Local apartment owners are relieved to report no major damage, despite winds that topped 110 miles per hour and waters that spilled over the floodwalls around the city’s Industrial Canal. Enterprise Community Investment, Inc., asset-manages more than 3,000 affordable apartments in the New Orleans area. None of them were damaged in the storm.

“I don’t think we got hurt at all,” said Pres Kabacoff, CEO of local affordable developer HRI Properties, which operates more than 1,800 apartments in the area. Even HRI’s Bonne Terre Village, an affordable seniors community located in Houma, La., near the path of the eye of the storm, only suffered minor damage, including an overturned wooden fence. Other buildings in the area lost roofs to wind or falling trees, according to local apartment managers.

New Orleans was spared major flooding because its levee system, which is still being repaired and upgraded by the Army Corps of Engineers, held waters back. Water standing in the streets from heavy rainfall in some areas was quickly pumped away. Local apartment experts hope the Army Corps of Engineers will raise floodwalls even higher around the Industrial Canal, which were just barely high enough. Waves pushed some water over the top.

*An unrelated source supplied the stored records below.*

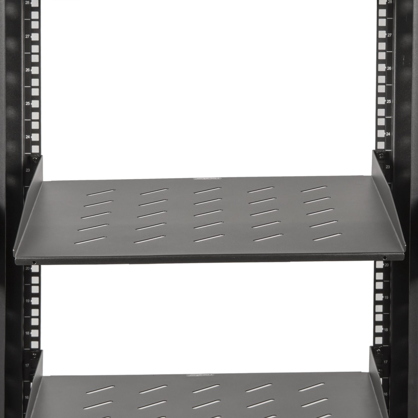 Add a vented, stable shelf into almost any server rack or cabinet. Any conventional 19-inch server rack or cabinet will accommodate the SolidRack Vented Shelf (1U). These ventilated rack shelves increase airflow and aid in reducing rack temperatures. For storing compact, non-rack mount equipment in your rack, the sturdy shelf has a weight capacity of 44 pounds (20 kg).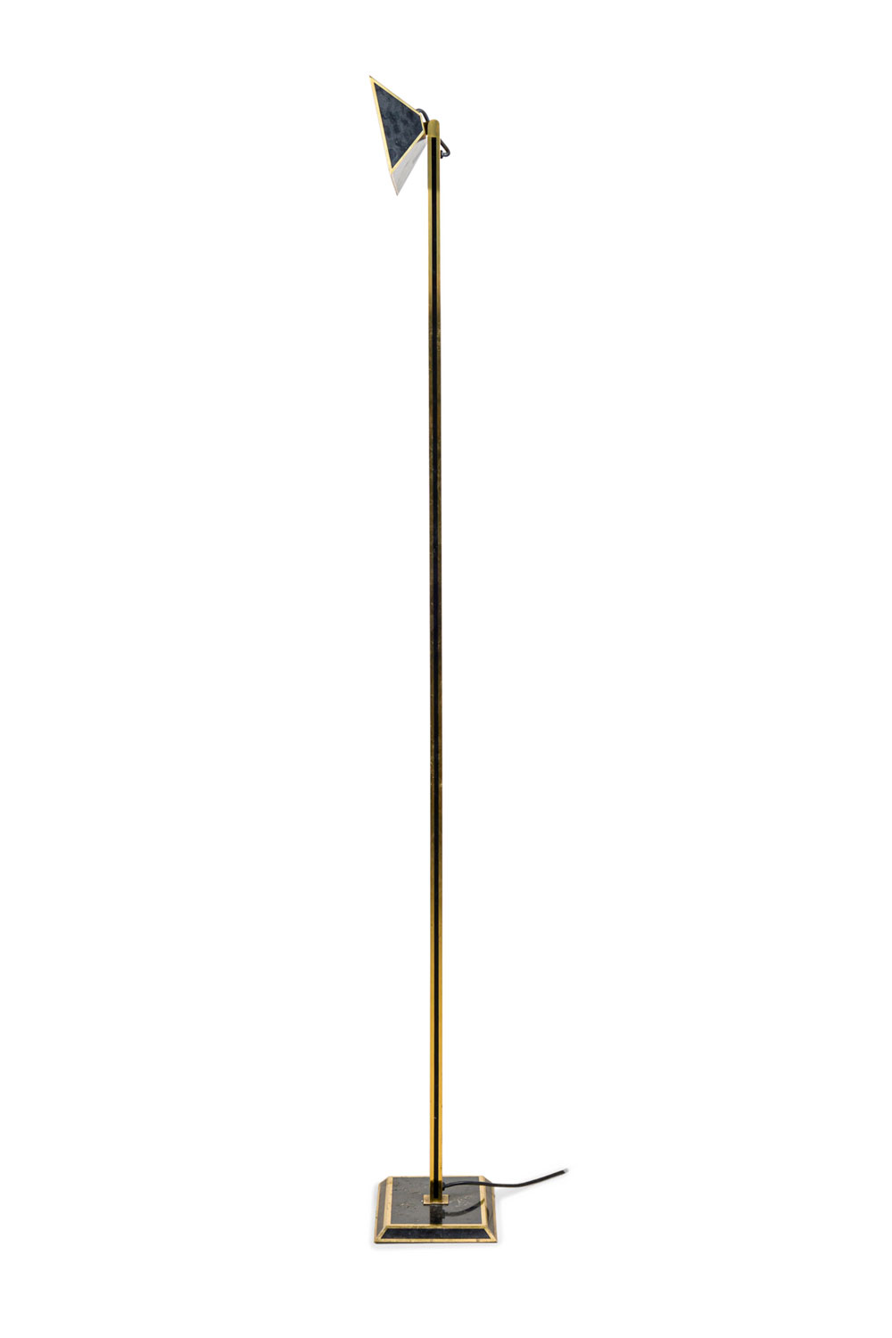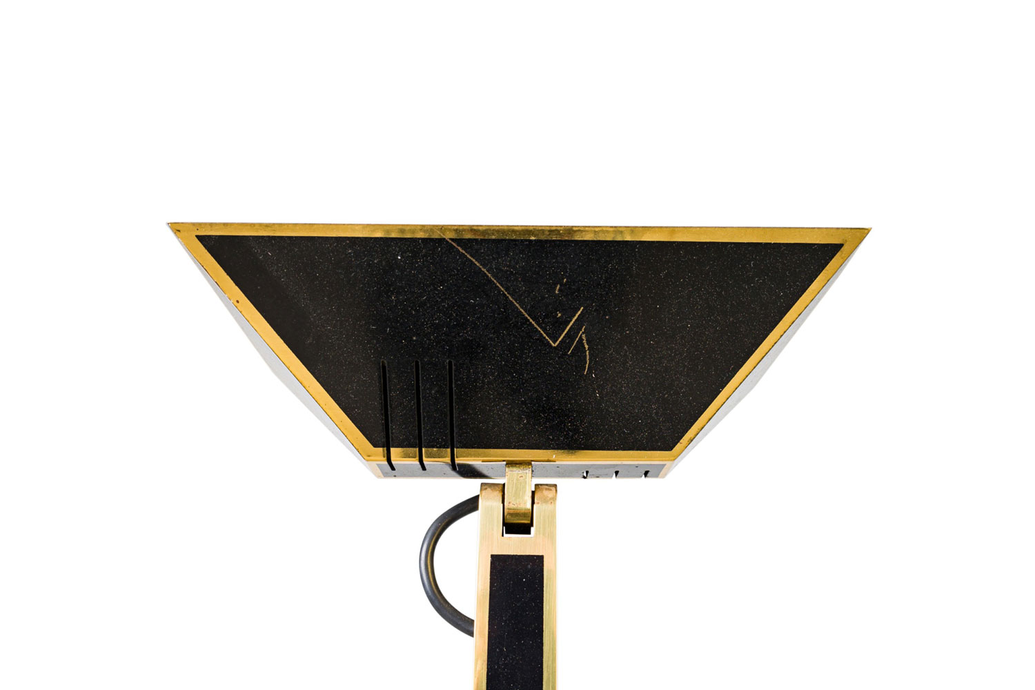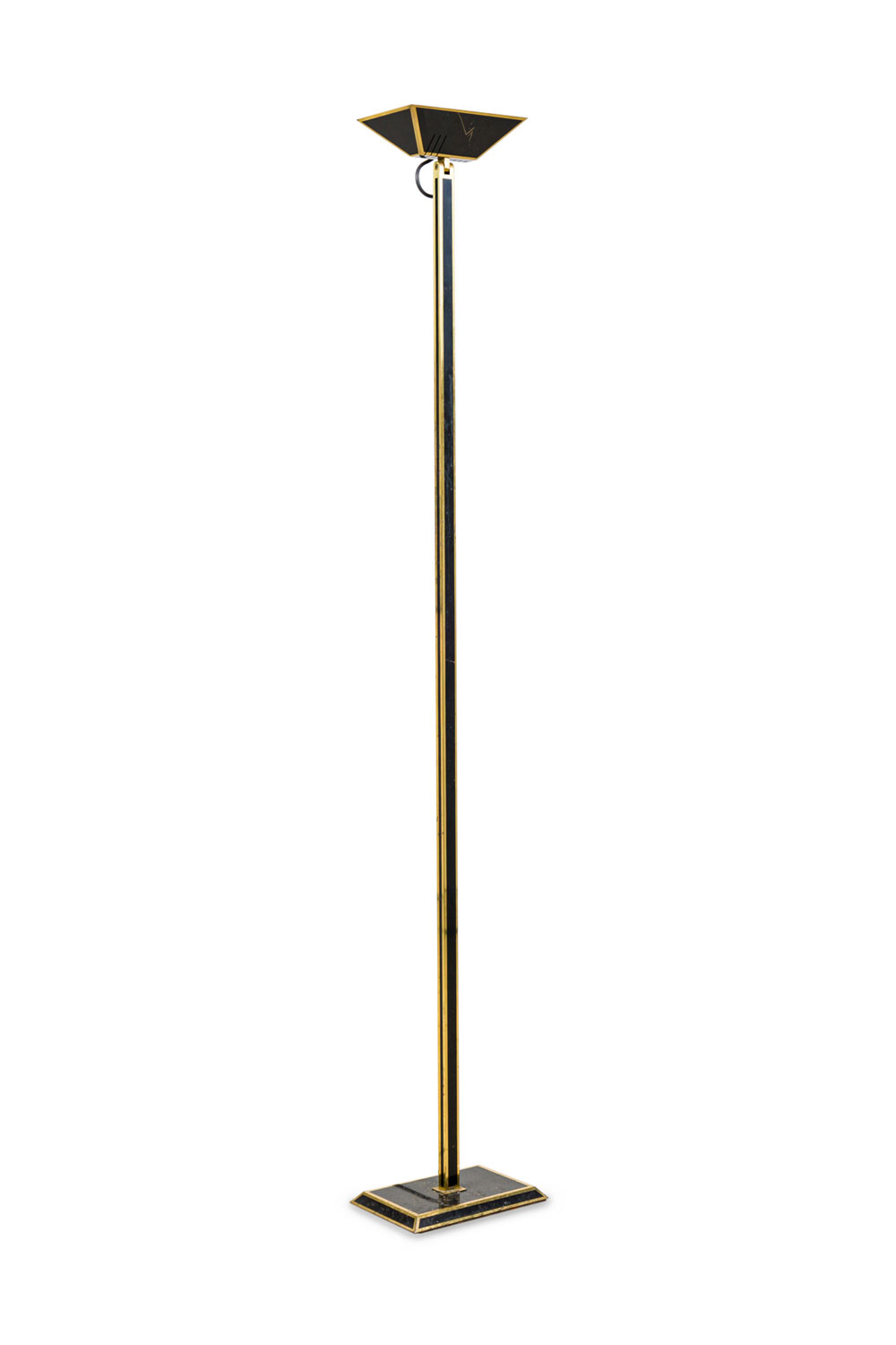 Italian Mid-Century Tall Brass and Black Lacquer Torchiere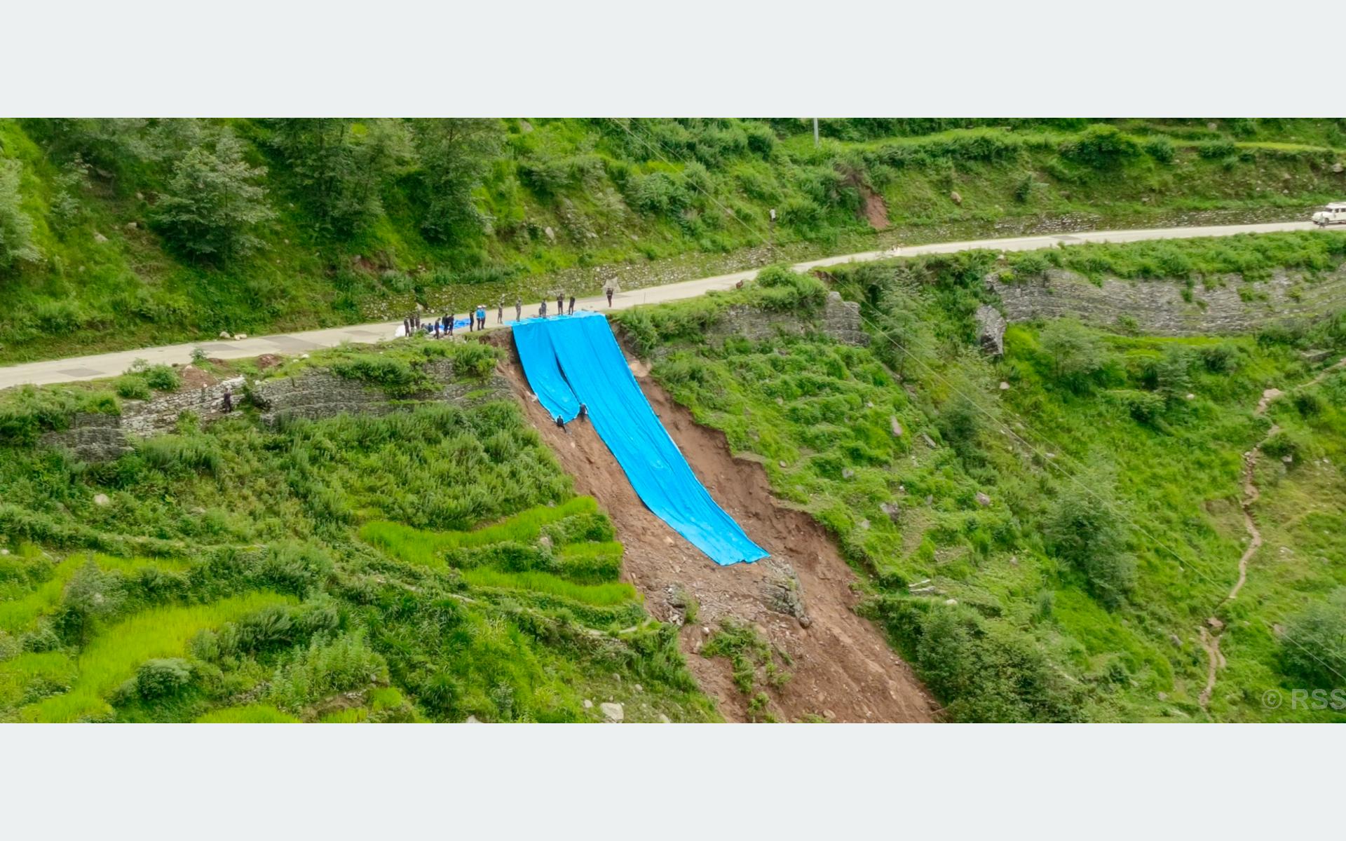 पहिरो नरोकिएपछि जिल्ला प्रशासन कार्यालयले सोमबार सुरक्षाकर्मी लगाएर पहिरो गएको ठाउँमा त्रिपाल बिछ्याएको हो । अविरल वर्षाका कारण भिरालो जमिनमा पहिरो नरोकिएपछि जिल्ला प्रशासन र नेपाल रेडक्रस सोसाइटीको सहयोगमा पहिरोमाथि त्रिपाल विछ्याइएको हो ।

“We survived a Category 2, but barely,” said Kabacoff. “Had Gustav been a Category 3, 4, or 5 storm, we would have had serious damage.”

Nearly 2 million people evacuated from south Louisiana in the days before Gustav’s arrival. That made many apartment managers anxious since about one in five apartments in the area was broken into during the days before and after Hurricane Katrina, according to the New Orleans Apartment Association. This time, however, managers reported no looting of their buildings, thanks in large part to security provided to the empty city by local law enforcement.

“Every couple of blocks there would be a police car with its lights on or a Humvee from the National Guard,” said David Abbenante, president of HRI Management and president of the apartment association. “The place was locked down.”

By Sept. 4, residents were returning to the city, although power was still out for much of the state. Gustav, meanwhile, had weakened to a tropical depression and was traveling north through the Midwest.